The four largest U.S. cloud computing providers (Amazon, Google, Microsoft and Meta Platforms) are expected to spend around $150 billion this year on capital equipment. Including the three largest Chinese cloud providers (Alibaba, Tencent, Baidu) and Oracle, the top eight cloud providers will spend about $174 billion on capital equipment, a year-over-year increase of 20.3%.

Capital spending (capex) for the elite eight is expected to rise by just 10.5%, according to a recent research note from analyst Vivek Arya at Bank of America Global Research. That somewhat stunted growth projection for 2023 is “necessary in the required resetting of expectations at data center-exposed chipmakers.” That group includes Advanced Micro Devices Inc. (NASDAQ: AMD), Broadcom Inc. (NASDAQ: AVGO), Credo Technology Group Holding Ltd. (NASDAQ: CRDO),  Intel Corp. (NASDAQ: INTC), Marvell Technology inc. (NASDAQ: MRVL), and Nvidia Corp. (NASDAQ: NVDA).
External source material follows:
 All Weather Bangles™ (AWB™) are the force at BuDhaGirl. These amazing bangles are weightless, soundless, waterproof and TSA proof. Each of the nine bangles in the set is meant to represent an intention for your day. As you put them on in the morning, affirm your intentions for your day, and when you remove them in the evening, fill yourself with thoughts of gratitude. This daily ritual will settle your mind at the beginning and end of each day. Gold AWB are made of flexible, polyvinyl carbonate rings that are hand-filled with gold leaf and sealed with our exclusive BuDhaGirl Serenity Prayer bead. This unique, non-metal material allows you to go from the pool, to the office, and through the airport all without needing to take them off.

Although growth is expected to be much slower in 2023, it could be revised even lower Arya said: “Many cloud vendors are exposed to cyclical factors (ad-spending, e-commerce) and could choose to sweat server/networking assets longer or delay upgrades.” He recalled that in the past two economic downturns, growth among the top seven chipmakers fell to around 4% to 5% before recovering to the historical annual growth rate of 25% to 30%. Over the longer term, BofA is bullish on the chipmakers and expects capex to return to its historical rate.
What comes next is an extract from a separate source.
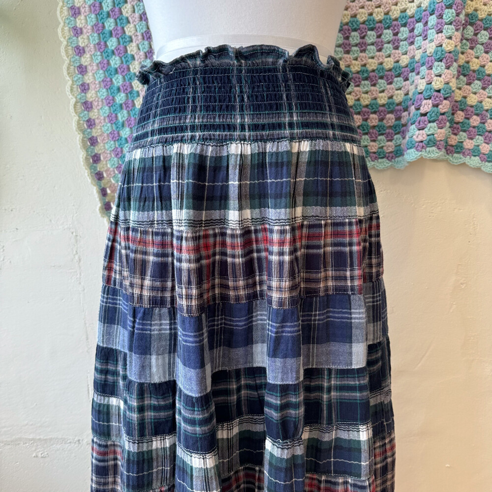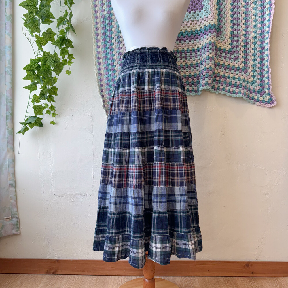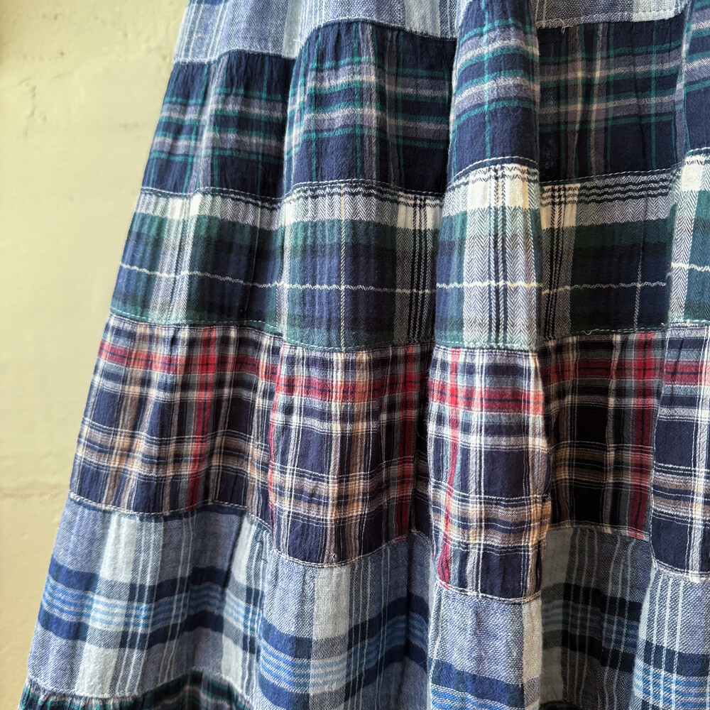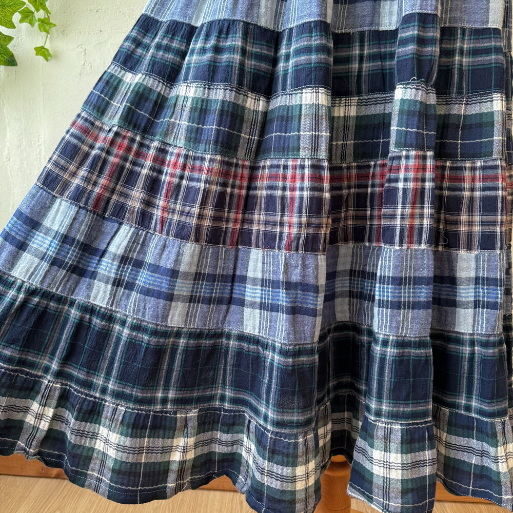 green&navy check patch tiered sk

Here is a brief rundown of BofA’s current outlook for the six chipmakers.


AMD has a Buy rating from BofA and a price objective of $110. Since February, the analysts have twice cut their rating on the stock, from $190 to $160 in February and to $110 in June. BofA’s rating assumes a 2023 adjusted earnings per share (EPS) multiple of 24. At a recent price of around $80 a share, the upside potential at the BofA price objective is 37.5%.

Downside risks include integrating the Xilinx acquisition, stiff competition, “lumpy” consumer and enterprise spending, reliance on a single outsourced fab and a now-mature game console cycle.


Broadcom also gets a Buy rating from BofA, with a price objective of $625, which is down from $780 in a late June revision. The bank based its price objective on an estimated enterprise value to free cash flow multiple of 18 in 2023, noting as well the company’s best-in-class profitability, free cash flow generation and shareholder returns. At a recent price of around $491 per share, the upside potential based on BofA’s target is 27.3%.

Downside risks include chip cycle risks, high exposure to Apple and that company’s potential of designing its own chips, and recent moves into noncore software businesses.